Even if a memory page allocated to an application program to which the cache compression mode is not applicable is pre-padded with the first data, data of the application program cannot well match the cache compression mode when being migrated from a cache to a memory. Therefore, in the foregoing enabling manner 1, the memory padding apparatus enables the memory pre-padding function for the application program only when the cache compression mode is applicable to the application program, so that in the process of running the application program, the memory page of the application program is pre-padded with the first data, to improve compression efficiency when the data of the application program is migrated from the cache to the memory, and further avoid padding, with the first data, the memory page of the application program to which the cache compression mode is not applicable, to reduce a workload of the memory padding apparatus.

Enabling manner 2: In the process of running the application program, the memory padding apparatus periodically enables the memory pre-padding function for the application program based on a running status of the application program.

The running status of the application program is reflected by a first PMU event and/or a second PMU event that are/is triggered in the process of running the application program. The first PMU event is that a floating-point operation instruction is executed when the application program is run, and the floating-point operation instruction is an instruction used for a floating-point operation.

The second PMU event is a PMU event related to data exchange between the cache and the memory. The second PMU event can reflect a status of data exchange between the cache and the memory in the process of running the application program. There is at least one second PMU event, for example, a cache miss event, a TLB miss event, or a pipeline stall event due to a quantity of level 1/level 2 cache misses (core_pipeline_stall_due_to_cache_miss).

In a possible implementation, in the process of running the application program, after each time period, the memory padding apparatus predicts, based on a running status of the application program in the time period, whether the cache compression mode is applicable to the application program when the application program is run in a next time period, and if the cache compression mode is applicable, enables the memory pre-padding function for the application program in the next time period; otherwise, skips performing the step of enabling the memory pre-padding function for the application program in the next time period. Duration of the time period is the same as duration of the next time period, and the duration of the time period is unit duration for enabling the memory pre-padding function.

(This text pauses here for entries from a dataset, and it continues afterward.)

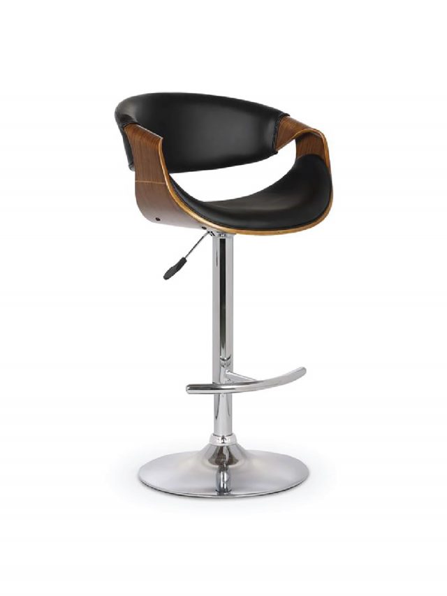 Polubarska stolica spaja klasičan izgled s modernim, ističući se prekrasnim dizajnom koji uključuje furniran hrast vidljiv s vanjske strane naslona. Naslon i sjedište presvučeni su vintage crnom eko kožom. Sjedište ove polubarske stolice visoko je 64 cm.
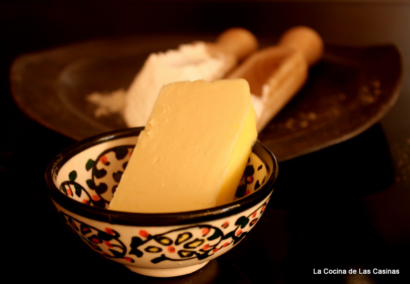 Pasas el rodillo hasta conseguir un círculo de 0,5 mm de espesor. Pincelas con mantequilla.
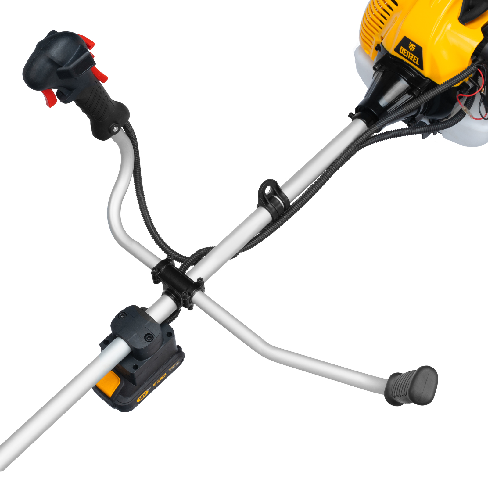 Триммер бензиновый DT-43E, 43 см3, неразъемная штанга, электростартер, состоит из 2 частей Denzel в Москве
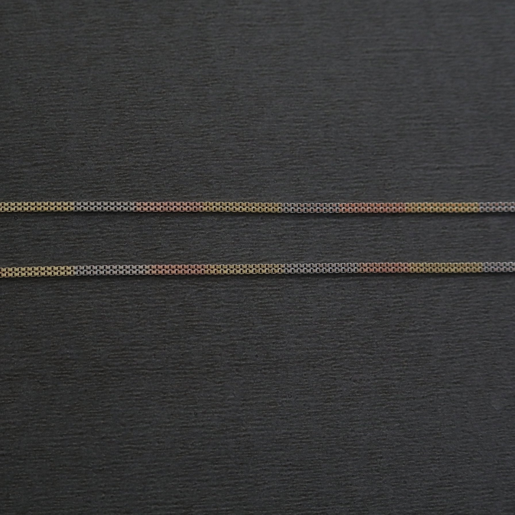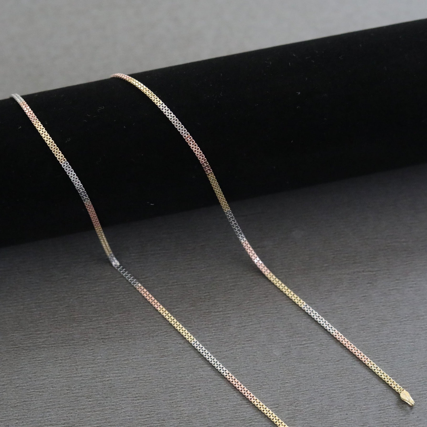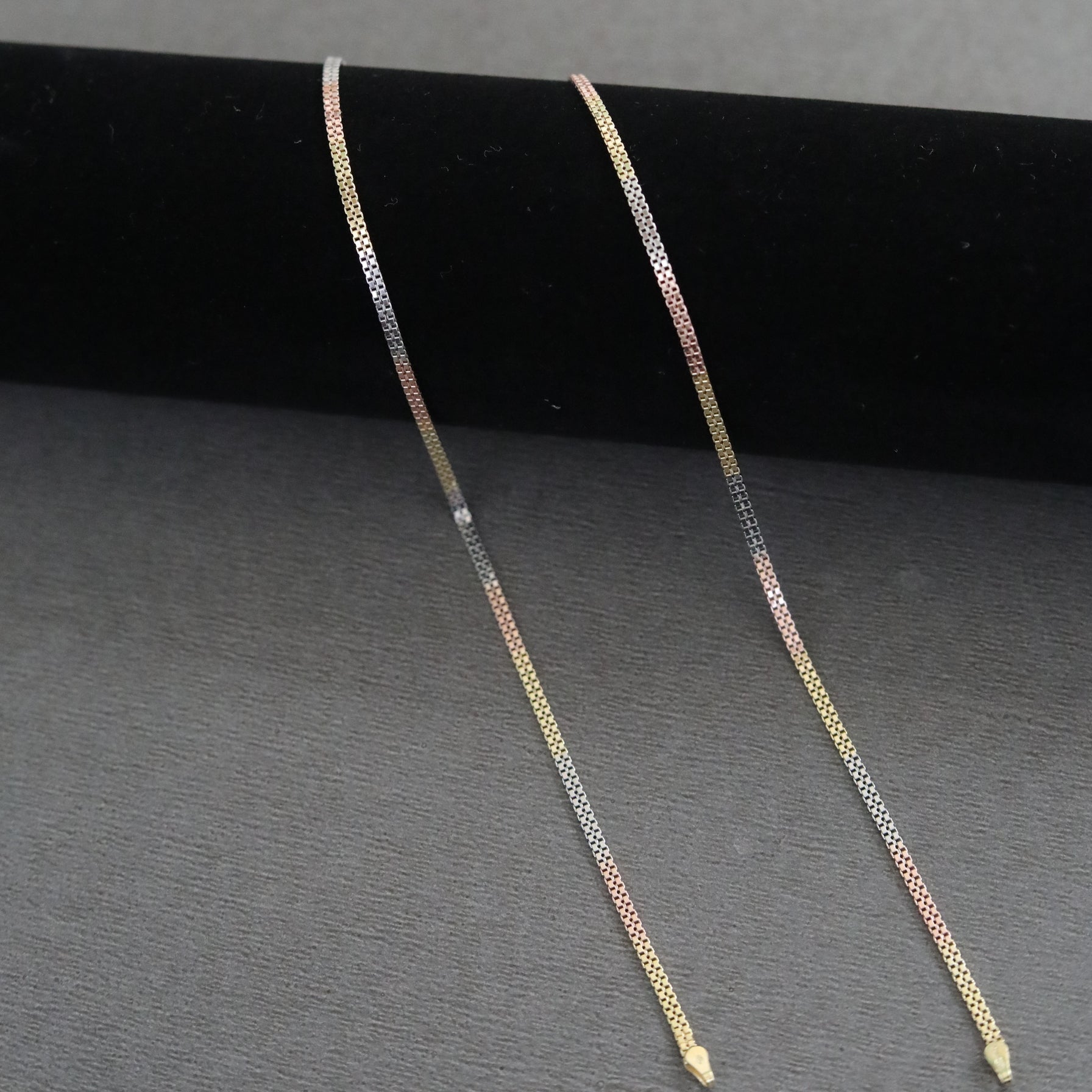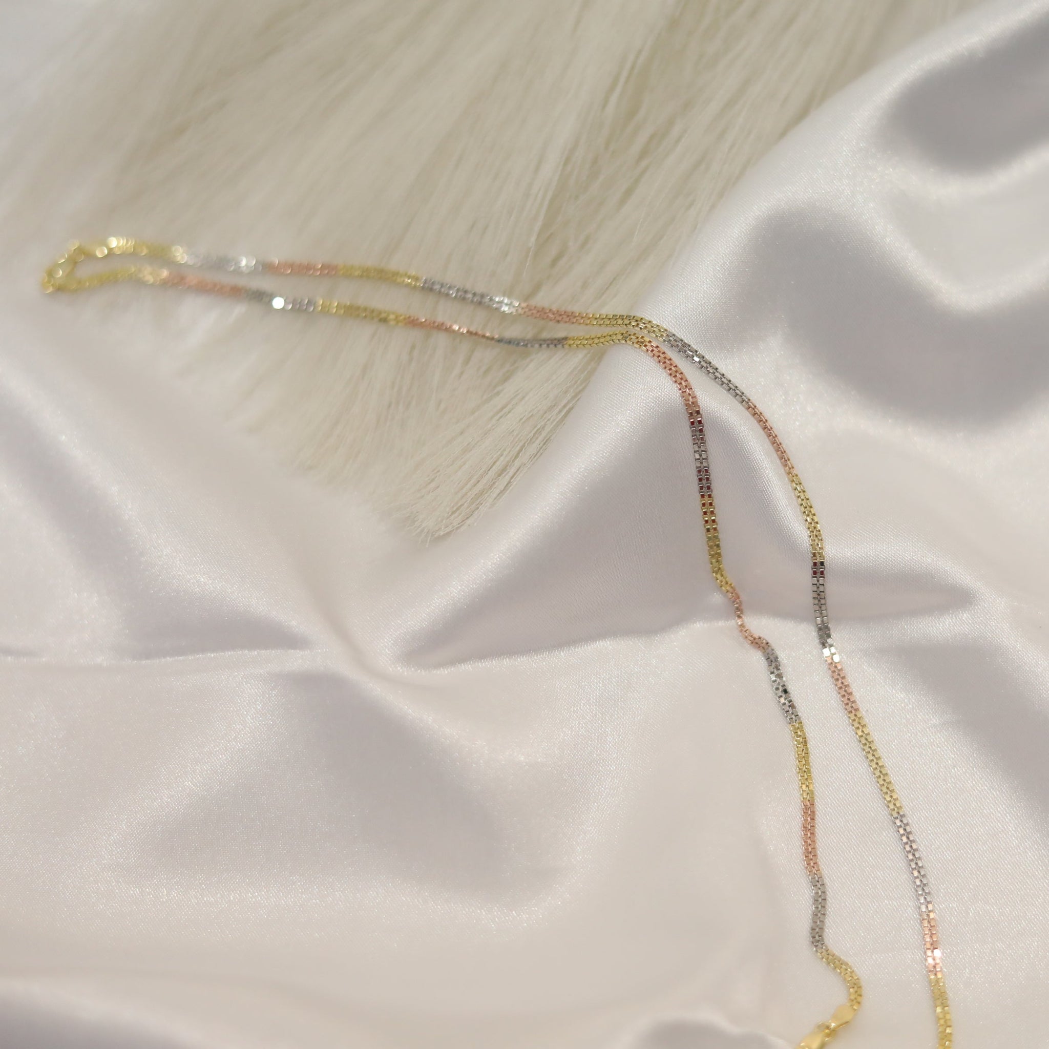 The Zara Anklet is a perfect blend of strength and elegance, featuring a box-style chain crafted from 92.5 sterling silver with a striking three-tone finish of silver, gold, and rose gold. Its sleek, structured links create a modern yet timeless look, making it an essential piece for any jewelry collection.

FIG. 5 is used as an example. In the process in which the processor core runs the application program, a PMU records and collects statistics on the first PMU event and/or the second PMU event triggered by the application program. The determining unit in the memory padding apparatus obtains, after each time period, statistical information of the first PMU event and/or the second PMU event in the time period from the PMU, and predicts, based on the statistical information, whether the cache compression mode is applicable to the application program when the application program is run in a next time period.

For example, obtaining the statistical information of the first PMU event in the time period is used as an example. The statistical information of the first PMU event in the time period is a quantity of floating-point operation instructions run in the time period. The determining unit further obtains, from the PMU, a total quantity of instructions of the application program run in the time period, and obtains, based on the quantity of floating-point operation instructions and the total quantity of instructions, a proportion of the floating-point operation instructions in the instructions of the application program run in the time period. The proportion is a ratio of the quantity of floating-point operation instructions to the total quantity of instructions. The cache compression mode is applicable to non-floating-point data (for example, integer data), and is not applicable to floating-point data. If the proportion is less than or equal to a proportion threshold, it indicates that the cache compression mode is applicable to the application program, and the determining unit enables the memory pre-padding function for the application program in the next time period. If the proportion is greater than the proportion threshold, it indicates that the cache compression mode is not applicable to the application program, and the determining unit temporarily does not enable the memory pre-padding function for the application program.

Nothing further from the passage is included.